Все «перестали» — и Михайло, и Авдотья, и «хорошие господа». И это слово так въелось в мою мысль, что я, отравляясь с Михайлой в обратный путь и находясь под впечатлением этого, во всем видимом звучащего слова, не мог не спросить его:
— Ну, а мужики, Михайло, как? Перестали?
— Мужики-то? И-и!.. Так «перестали», что лучше требовать нельзя! Намедни отвалили господину Чибисову двадцать восемь тысяч рубликов из крестьянского банка! Стало быть, уж очувствовались! А ведь как мудрили-то!
— То есть как же?
— Да как же? Как вышло освобождение, так господин-то Чибисов в скорости сам им эту землю отдавал — «почем ни возьми, да возьми». Не брали! Куда! Дядя Сафрон говорит: «Чего ее укупать-то? Она и так должна отойтить. Потому, что земля, что вода, что нёба — все божье. Отойдет». Вот тебе и отошло! Нёба!
Михайло даже засмеялся.
— В ту пору учитель тут у нас был молодой. Сам Чибисов его привез школу учредить. Так этот учитель-то, бывало, как умолял мужиков-то: «Купите, ребята! Он теперь с актеркой связался, ему деньги нужны, покупайте! Поздно будет! А то ведь в банк заложит, не достанется вам!» Так его, этого учителя-то, за эти слова как поняли? Когда стали разыскивать, нет ли каких умышленников, злодеев, на первого на него указали: «вот кто злодей-то!» Ну, тот и пропал куда-то.

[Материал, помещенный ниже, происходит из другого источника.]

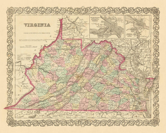 Este mapa captura una instantánea única de la historia de Virginia, en una época en la que Estados Unidos todavía estaba en su infancia. Muchos de los asentamientos que conocemos hoy aún no se habían fundado, y los nombres y fronteras que ahora nos resultan tan familiares todavía estaban cambiando. Este mapa sirve como una ventana fascinante al pasado, permitiéndonos ver cómo ha evolucionado el estado de Virginia durante los últimos 150 años.
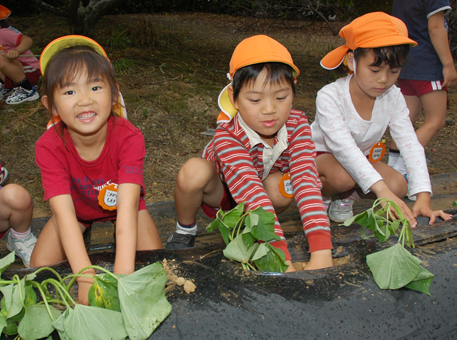 職員が世話をし、11月ごろに再び園児らが菜園を訪れて収穫する予定。山本涼矢君(5)は「みんなで焼きイモが食べたいな」と秋を楽しみにしていた。
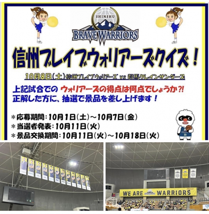 万葉超音波温泉♨️では先に開幕したB1リーグ所属の信州ブレイブウォリアーズに関わるクイズを7日締切で開催しています❗️正解されたお客様には抽選で信州ブレイブウォリアーズホームゲームチケット等の賞品を差し上げます‼️ご参加をお待ちしています‼️詳細はフロントにお尋ねください❗️万葉超音波温泉は信州ブレイブウォリアーズを応援しています‼️
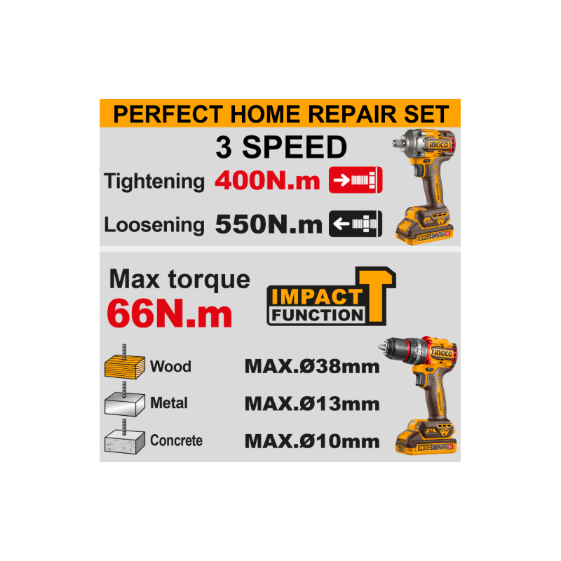 Trapano a percussione 66N.m compatto brushless (CIDLI206681):
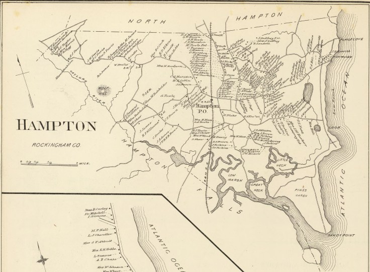From his publishing offices in Boston, Massachusetts, historian Duane Hamilton Hurd produced dozens of works on the histories of New York and New England, including the illustrated 1882 History of Rockingham and Strafford Counties. Maps of Hampton and Hampton Beach appear in Hurd’s 1892 Town and City Atlas of the State of New Hampshire, which is the last privately published map of this type to mark Hampton residents’ names and property locations.

— Да за что ж злодеем-то его сочли?
— На зло подущал, вишь!
— Да какое же зло — купить землю?
— Вот в этом-то и зло-то! За это в Сибирь должны все пойтить, ежели землю-то купить, — вот какие были мнения! А он, стало быть, подущает ко греху, погубить хочет. Учитель-то говорит: «Барин, говорит, по рублю, по два отдаст десятину-то, берите!» А наш брат думает: «Нет, не обманешь! Царь нас высвободил, а вы опять хотите нас залучить? Нет, шалишь! Как же! Опять обвязываться помещику? Это, значит, царя не слушать… Все равно, если бы меня из тюрьмы выпустили, а я бы не подорожал милостью да опять бы грех сделал — за это шибко наказывают!» Вот тогда и думали: «Не соблазняйся! Не делай бумаги! Пускай его сам пашет землю! Самому ему нечего делать, стало быть, ее отберут и так…» И как стал этот господин Чибисов деньги-то мотать, то-то было нам любо, дуракам! Из города то кабатчик приедет, то лавочник, — не наслушаемся, как они про барина рассказывают: «Тут, говорят, куролесит, с актерками на тройках, шампанским собак поит…» А нам-то и любо: «не работает, а кутит, стало быть, отберут от него!» Пущай, пущай скорей просвистит деньжонки-то! Слышим — «просвистал!» Слава тебе, господи! Скоро ли отбирать приедут? Прошел слух, что к няньке к своей крепостной приезжал, деньги у нее занял. «Ну, думаем, конец! Видно, последки обирает!» Ан вот не по нашему вышло! Приехали мужичонки из банку, показывают бумаги, а там за все заплачено: и за шампанское, и за актерок, и за тройки, — за все мужичишки отдали. И в банк отдали, и закладчикам, и все должишки заплатили, все недоимки, да еще в два раза против всего пропитого надбавили господину-то Чибисову!.. Вот тебе и «нёба», «земля», «вода», «по-божьи»… Приехали — тише воды, ниже травы… А уж чего намудрили, пока втридорога пришлось расплачиваться!.. Нет, теперь куда уж мудрить! Перестали!
Таким образом, возвратившись в столицу после непродолжительной отлучки в деревню, я привез в себе твердое убеждение в том, что вообще на Руси мудрить перестали.
ПРИМЕЧАНИЯ
В архиве Г. И. Успенского сохранился листок с записью наименования цикла очерков «Через пень-колоду» и плана очерка, который под заглавием «Общие свойства «скучающей публики» был опубликован в «Русской мысли», 1884, № 10. Это дает основание датировать замысел очерков «Через пень-колоду», которые впервые появились на страницах журнала «Русская мысль» в 1885 году, предшествующим годом.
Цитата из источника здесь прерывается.